Martyn Rooney rounded off his great Commonwealth Games adventure at the MCG stadium in Melbourne on Sunday by anchoring the men's 4x400m relay team into fourth place.

The 18-year-old Croydon Harriers athlete became one of the few English success stories on the track at the games, despite twice narrowly missing out on a medal.

Rooney recorded two personal bests for the 400m in the lead up to the individual final where he was drawn in lane three.

The long-legged youngster was well in contention with the field down the back straight before tensing slightly around the final turn.

But he made up ground down the final straight with some powerful and focused running to pass two rivals and finish close to the medals in fifth place in a time of 45.51 his second fastest ever.

After putting his medal disappointment behind him, Rooney ran the fastest leg of England's 4x400m relay semi-final to put his country in the final with a third place finish.

The Croydon runner earned a well deserved anchor leg in the final which saw Rooney straining every muscle to make up lost ground on several rivals, including the strengthened Australians.

He was forced to run wide round the last bend and was closing fast at the line taking England to fourth just 0.07 out of the medals.

To add to the relay side's disappointment they were later disqualified but after a protest they were reinstated in fourth place.

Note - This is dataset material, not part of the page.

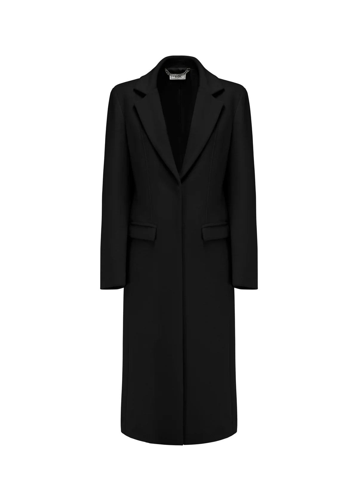 Cappotto lungo classico. Chiusura monopetto con bottoni a scomparsa. Collo a revers e tasche con patta.

Croydon Harriers' other representative at the games, Donna Fraser, suffered injury heartache. The veteran runner withdrew from her individual 400m medal assault with a sore Achilles and although she hoped to run in the relay, she pulled out.

Without Fraser, England's 4x400m relay team went on to win gold but were later disqualified and this time the result stood.

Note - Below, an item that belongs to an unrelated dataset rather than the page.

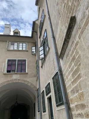 The Laxenburg Palace Park, covering an area of 280 hectares, is a prime example of 18th and 19th century garden design and has a history dating back to the 13th century. During my visit to this impressive park landscape, I also passed the Old Palace, a valuable architectural monument in Austria. The Old Castle is probably the oldest building in Laxenburg. It was considered the heart of the surrounding hunting grounds and was originally surrounded by a moat with outbuildings. After the Lachsenburg family died out, it served as the Habsburgs’ spring and autumn residence from 1306 until the First World War. In the 14th century, Albrecht III acquired the entire complex and the Old Castle was redesigned into a magnificent hunting lodge. The castle complex was redesigned again in the second half of the 17th century under Lodovico Burnacini in the Baroque style. At the same time as the castle was being rebuilt in the 14th century, Duke Albrecht III also had a castle chapel with a Gothic apse and Baroque interior built. In 1338, he established a foundation for the benefit of the “castle chapel of St. Mary at the Gate.” Further expansion took place from 1336 onwards by Master Michael, who was considered the ducal architect. At that time, the Old Castle was enlarged and decorated with stone figures from the castle on Vienna’s Leopoldsberg. The chapel was also expanded. Parts of the façade from this period have been preserved in the inner courtyard to this day. Under Empress Maria Theresa, the chapel was given a Baroque makeover around 1755. During this period, the flat barrel vault and the marble stucco wall covering were created. In 1925, the chapel was secularized and suffered extensive damage during World War II. After extensive restoration, the chapel was reconsecrated in 1972. That same year, the current interior furnishings were brought from the Salesian convent in Vienna. Today, the chapel provides the ideal setting for weddings, baptisms, and other celebrations. After a long list of owners, the entire castle complex is now owned by the agricultural estate management company Schloss Laxenburg Betriebsgesellschaft mbH für Schloss und Park, which was founded in 1962 by representatives of Lower Austria and Vienna. In addition, the Old Castle now houses the Film Archive Austria.

Meanwhile there was better news on the track for fellow Croydon-based runner Natasha Danvers-Smith.

Danvers-Smith collected a sliver medal in the 400m hurdles in a time of 55.17 to make up for her games disappointment four years ago when she fell at the final hurdle while in third place.

Danvers-Smith said: "I'm happy to have won a medal.

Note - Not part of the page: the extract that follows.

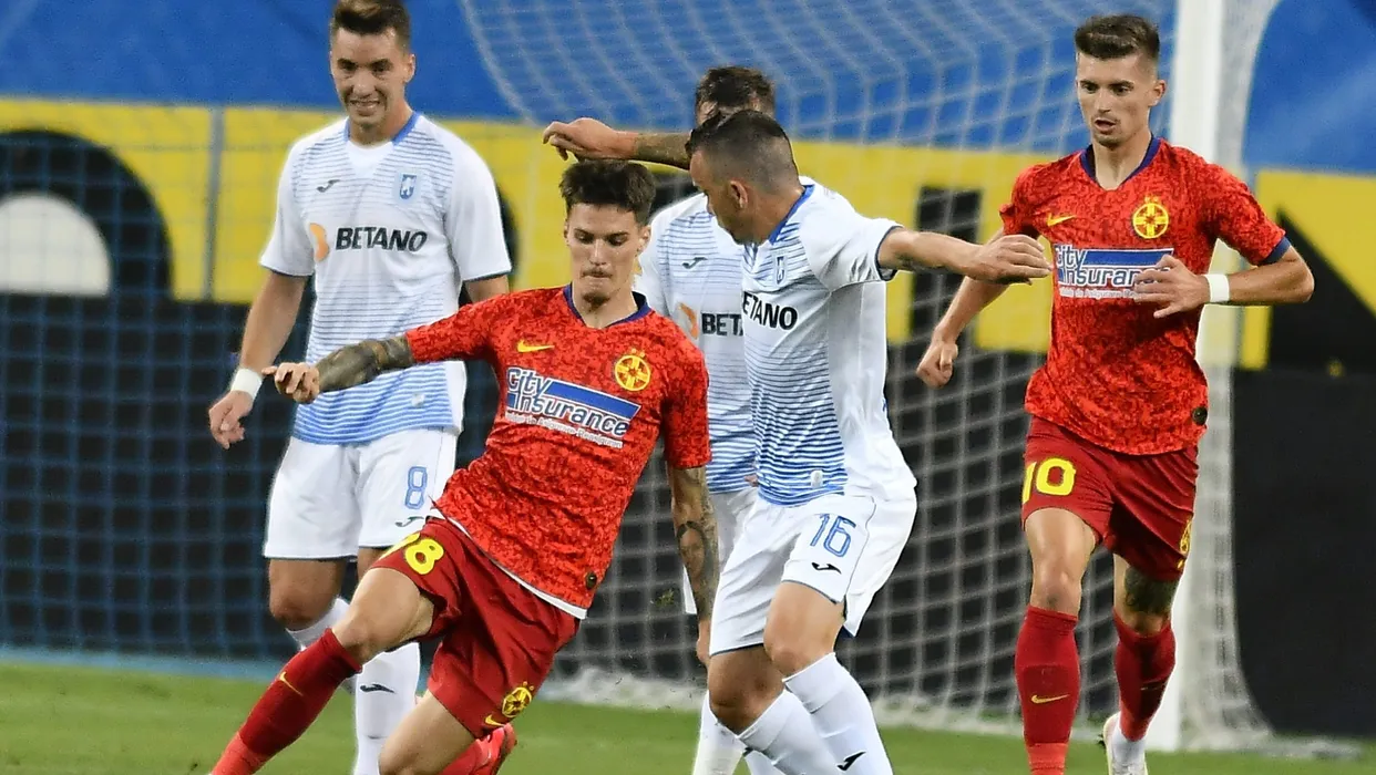Dennis Man, Dan Nistor si Florin Tanase in meciul de fotbal dintre Universitatea Craiova si FCSB, contand pentru play-off-ul Ligii 1 Casa Pariurilor, disputat fara spectatori pe Stadionul Ion Oblemenco din Craiova, duminica 12 iulie 2020. © FOTO:Razvan Pasarica/SPORT PICTURES

"A lot of people said it couldn't be done. They said I was 28 and washed up. They said that I'd had a baby and they wrote me off. I've proved that I can do it."

Croydon boxer David Langley missed out on a Commonwealth gold medal for the second successive games after losing to Namibian fighter Jafet Uutoni.

The light flyweight out scored Uutoni in the first round 8-4 but the strong Namibian came out throwing big punches in round two to take a slender 12-14 lead. He then stretched the lead 18-27 in the third round and made sure of the title with another strong round to win 24-37.

Langley could not hide his disappointment after the fight.

"I've waited for this moment for four years and I really thought the gold medal had my name on it," he said. "I wanted the gold so much, but it just wasn't to be."